McIntosh is a New Zealander born and bred but he came to Wales on holiday almost six years ago, decided to stay, and on New Year's Day, he thought, he would become eligible for a Welsh cap. Not so, according to the International Rugby Board which had ruled, last March, that players must sit out a three-year exclusion if they have played for another country. Three months previously, McIntosh had played for Scotland A against Italy, a game he had qualified for because of his Scottish grand-parentage. McIntosh is more than a little peeved: he would never have played that game if he had an inkling of what the IRB had up its sleeve.

"I'm adamant about that," he says. "After that game, I was picked for a national trial, and it was then that I had to make a decision. People say the full cap was there for me in Scotland, but I opted for Wales. I'm engaged to a Welsh girl, I've got a son who is Welsh, my friends are Welsh, Wales is my destiny."

The ironies are many. Had McIntosh lived in England, he could have played for the national side after three years' residency; had he lived in Hong Kong, he could have been an international after just six months. It was only because he waited so long to qualify for Wales - where such a tough stance is taken to international fly-by-nights - that he was in a position to trip on the then unwritten IRB rule.

Furthermore, at the start of the season, McIntosh received notification from the Welsh RU to say that he would soon be eligible. It was only after Lewis's injury, when McIntosh's Welsh cap became imminent, that a journalist rang the IRB to check his eligibility.

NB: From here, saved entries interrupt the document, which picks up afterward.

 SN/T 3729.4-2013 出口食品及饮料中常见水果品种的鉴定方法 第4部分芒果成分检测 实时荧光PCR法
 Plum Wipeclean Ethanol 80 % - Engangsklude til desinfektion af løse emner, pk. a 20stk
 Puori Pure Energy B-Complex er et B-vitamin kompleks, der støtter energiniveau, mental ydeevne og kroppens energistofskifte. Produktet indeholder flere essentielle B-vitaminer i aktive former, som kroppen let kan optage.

Had that call not been made, it seems quite likely that no one would have realised the situation and McIntosh would probably be walking on to the Parc des Princes in January for his first international cap.

Neil Jenkins, McIntosh's club-mate and work colleague, was outraged by the situation and went on national television to say so. McIntosh is so outraged that he is already planning an appeal. His life's ambition is to play for Wales against the All Blacksand this seemed a distinct possibility in the summer's World Cup. "But," he says, "I've been given another two-year sentence to serve. And it really does seem like a sentence now."

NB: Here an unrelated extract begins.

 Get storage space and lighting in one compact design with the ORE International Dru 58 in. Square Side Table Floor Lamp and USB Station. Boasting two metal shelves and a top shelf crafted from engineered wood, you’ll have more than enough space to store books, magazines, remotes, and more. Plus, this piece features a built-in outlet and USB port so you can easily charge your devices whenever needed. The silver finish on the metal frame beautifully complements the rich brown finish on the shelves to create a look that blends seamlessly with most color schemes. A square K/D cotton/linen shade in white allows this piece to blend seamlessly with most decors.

THE fashion police would have had their hands full on Grandstand last Saturday where Mick Skinner was doing his best to challenge Barry Venison (Football Focus) for the worst-dressed-pundit-of-the-year award. Skinner appeared in jeans, velvet jacket, white wing-collar shirt and burgundy bow-tie. By full-time, however, the jacket had gone, arousing suspicion that either the police had, in fact, moved in. Or maybe a studio producer had interjected, concerned about the possibility of cracked camera lenses.Not so. He had simply found the studio lights to hot to handle and the jacket had come off: too great a physical challenge, even for a monster of fashion like Skinner.

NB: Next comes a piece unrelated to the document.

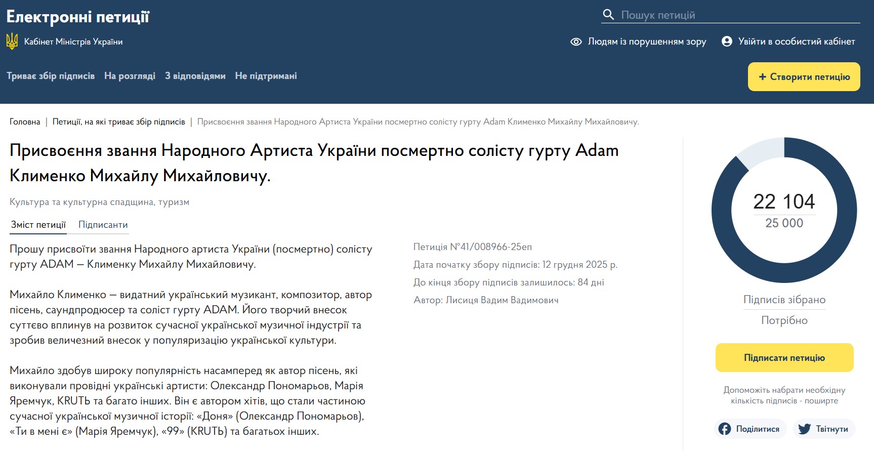 Виконавцю Михайлу Клименку, фронтмену гурту Adam, закликають присвоїти звання народного артиста України посмертно.

FINALLY, some Christmas gift tips for the rugby fan who thought he had everything. Highly recommended is the Ieuan Evans range of fragrances, Ieuan No 14 and Ieuan No 8 (the presentation pack costs £19.99 from Body Reform in Cardiff and Bristol). Proceeds go to a charity for injured Welsh players, so a seasonal sales boom might help the eponymous No 14 get back on the pitch. Stocking fillers could come from the new Twickenham East Stand shop: Twickers knickers (complete with embroidered England rose) an d key rings (with three genuine blades of Twickers grass) are going for £3 each. For £250, you can pick up the shirt worn by the All Black Alan Hewson when he broke the world points record with 27 points against Australia (mail order from Rugby Relics,6

1 Leonard St, Neath). Slightly cheaper are official World Cup condoms, though you'll have to fly to South Africa to find one.